Такого рода сюзеренитет, освященный как право Европы, будет состоять главным образом в праве оккупировать ту или иную территорию, равно как и побережья, для того чтобы основывать там свободные города, европейские колонии или коммерческие порты по необходимости…
Однако Ламартин и на этом не останавливается. Он заходит гораздо дальше. Восток — тот самый Восток, который он только что видел и где он только что побывал — характеризуется так: «нации без территории, patrie
,{212} прав, законов или безопасности, … страстно жаждущие найти приют» в европейской оккупации.[215]Среди всех созданных ориентализмом образов Востока нигде нет вывода столь же цельного в буквальном смысле, как этот. Для Ламартина паломничество было связано не только с проникновением на Восток властолюбивого сознания, но также и фактическую элиминацию этого сознания в результате обретения им доступа к своего рода безличному контролю над Востоком.
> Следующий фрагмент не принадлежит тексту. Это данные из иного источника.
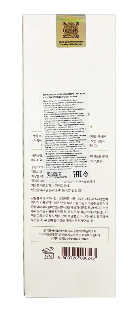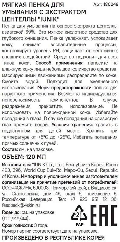 Пенка для умывания Iunik мягкая с экстрактом центеллы, 120мл
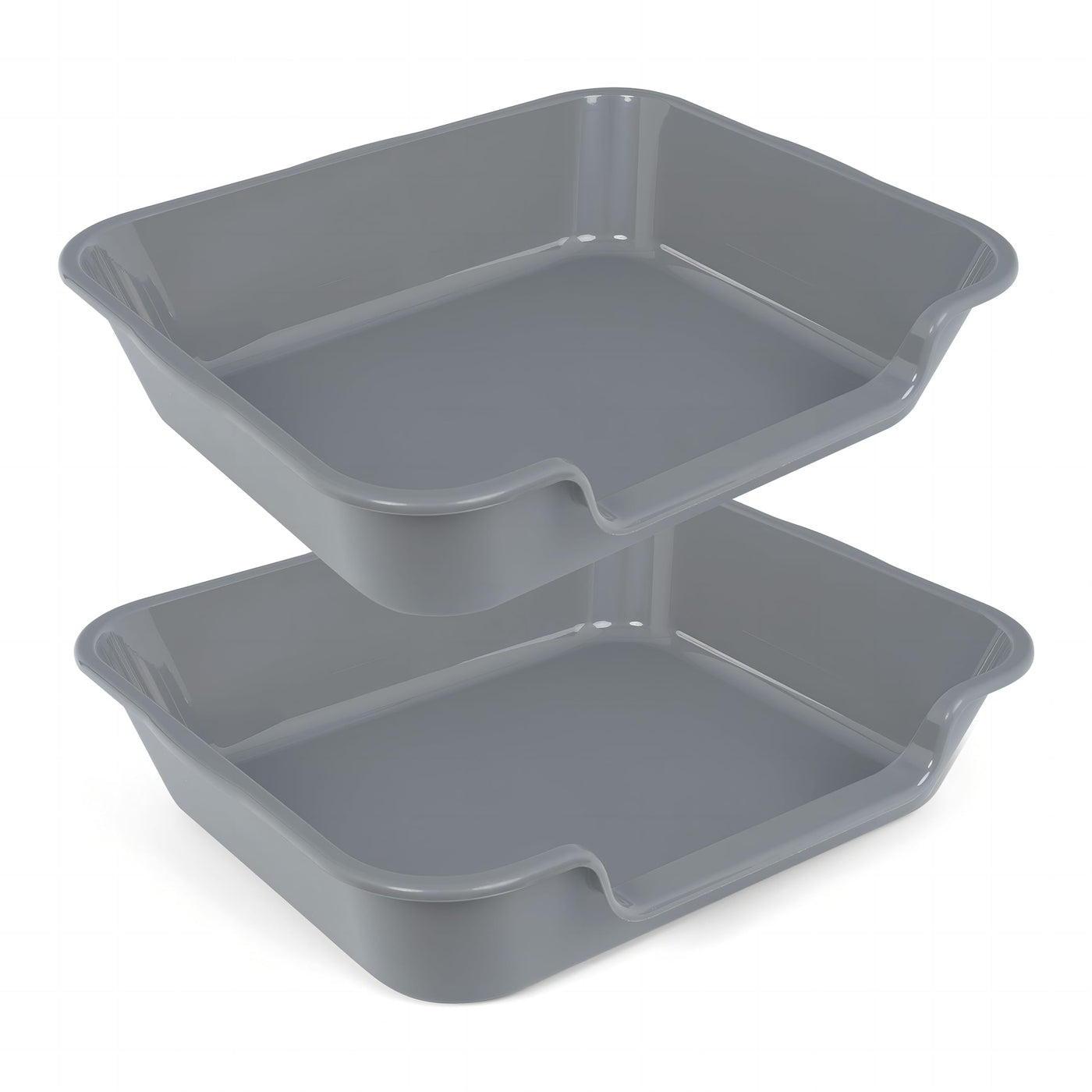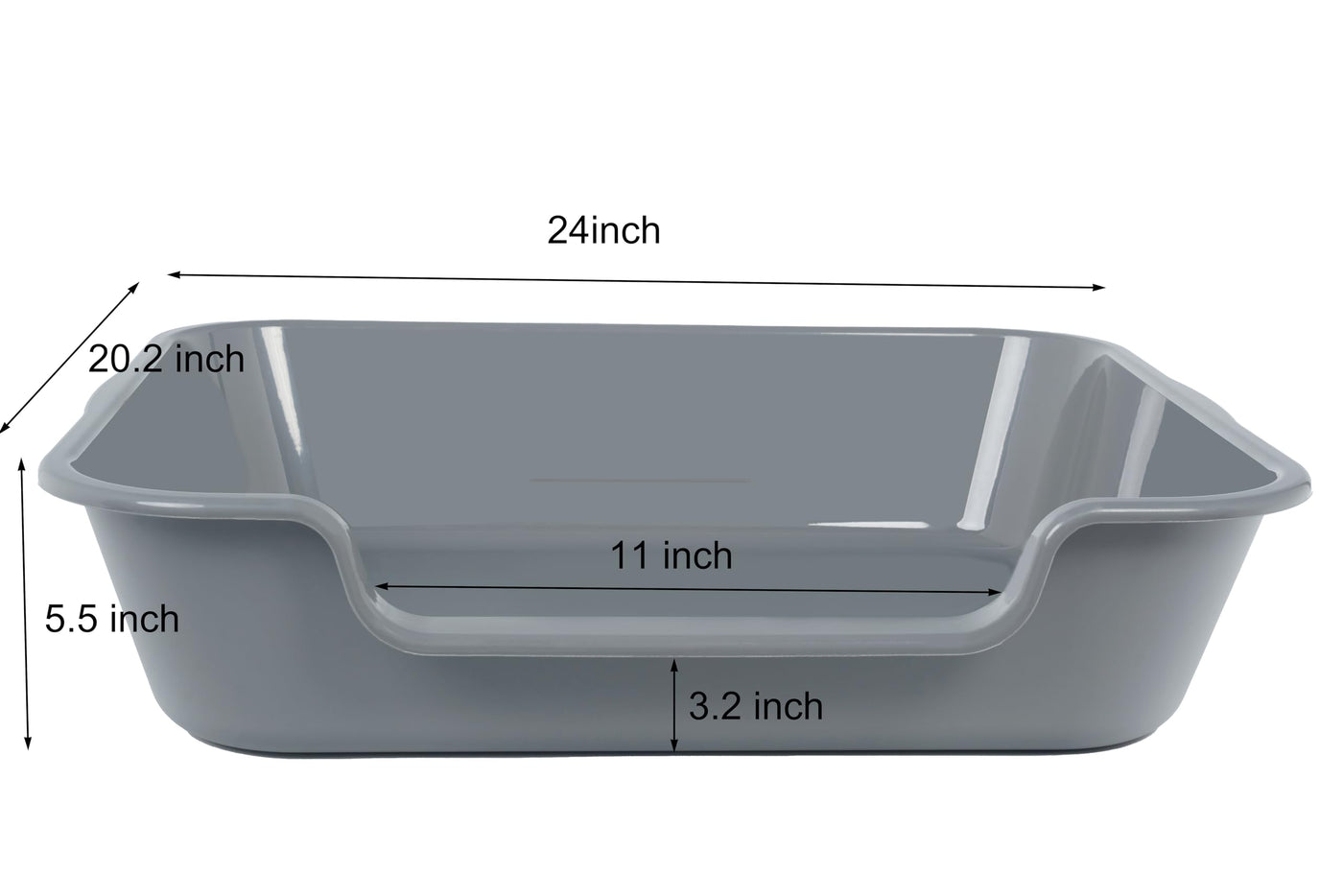 2 Pack Extra Large Dog Litter Box Pan Tray (ABS Material), Low Entry Jumbo Senior Litter Boxes for Multiple Kitten Big Cats, Pet Safe Indoor Dog Potty (Dark Gray, 24 L x 20 W)

Подлинная идентичность Востока чахнет, превращаясь в набор последовательных фрагментов, воспоминаний Ламартина об увиденном, которые позже будут собраны и поданы как возрожденная мечта Наполеона о мировой гегемонии. Если у Лэйна человеческая идентичность растворяется в научной сетке египетских классификаций, то у Ламартина сознание полностью выходит за пределы своих нормальных границ. Поступая так, он повторяет путешествие Шатобриана и его образы лишь затем, чтобы пойти дальше, в сферу абстракций Шелли и Наполеона, которые тасовали миры и народы подобно картам на столе. То, что остается в прозе Ламартина от Востока — и вовсе несущественно. Его планы относительно Востока превыше геополитической реальности; места, которые он посетил, народы, которые он видел, опыт, который он приобрел, — все это в итоге сводится к нескольким отзвукам в высокопарных обобщениях. Последние следы конкретики исчезают в «résume politique»,{213}
которым завершается его «Путешествие на Восток».Трансцендентному квазинациональному эгоизму Ламартина мы должны противопоставить позиции Нерваля и Флобера. Ориентальные работы играют существенную роль в их oeuvre{214}
в целом, значительно большую, чем проникнутое духом империализма «Путешествие» Ламартина в его oeuvre. Тем не менее оба они, как и Ламартин, пришли на Восток, подготовленные обширным чтением классиков, современной литературы и академического ориентализма. По поводу этой подготовки Флобер гораздо более искренен, чем Нерваль, который в своих «Les Filles du feu»{215} уклончиво сообщает, что все, что ему известно о Востоке — это полузабытые воспоминания, оставшиеся от школьного образования.[216] Однако само «Путешествие на Восток» явно противоречит сказанному, хотя демонстрирует менее систематическое и менее упорядоченное знание реалий Востока, чем у Флобера. Однако важнее то, что оба автора (Нерваль в 1842–1843 годах и Флобер в 1849–1850 годах) извлекли из своих путешествий на Восток бóльшую личную и эстетическую пользу, чем какие либо прочие путешественники в XIX веке. Немаловажно так же и то, что оба они были подлинными гениями, и оба с головой ушли в те аспекты европейской культуры, которые способствовали сочувственному, пусть и извращенному, видению Востока. Нерваль и Флобер принадлежали к тому сообществу мысли и чувства, которое описал Марио Праз (Praz) в своей «Романтической агонии»,{216} сообществу, для которого воображаемые экзотические места, культивирование садомазохистских вкусов (Праз называл это альголагнией (algolagnia)), завороженность темой смерти и ужаса, образом роковой женщины, таинственности и оккультизма, — все эти мотивы в итоге слились воедино в творчестве таких авторов, как Готье (который и сам находился под очарованием Востоком), Cуинберна, Бодлера и Гюйсманса (Huysmans).{217} Для Нерваля и Флобера такие женские образы, как Клеопатра, Саломея и Изида, имели особое значение, и не случайно в их творчестве, как и в ходе поездок на Восток, особую значимость для них приобретали женские типы легендарного, пробуждающего фантазию и ассоциации рода.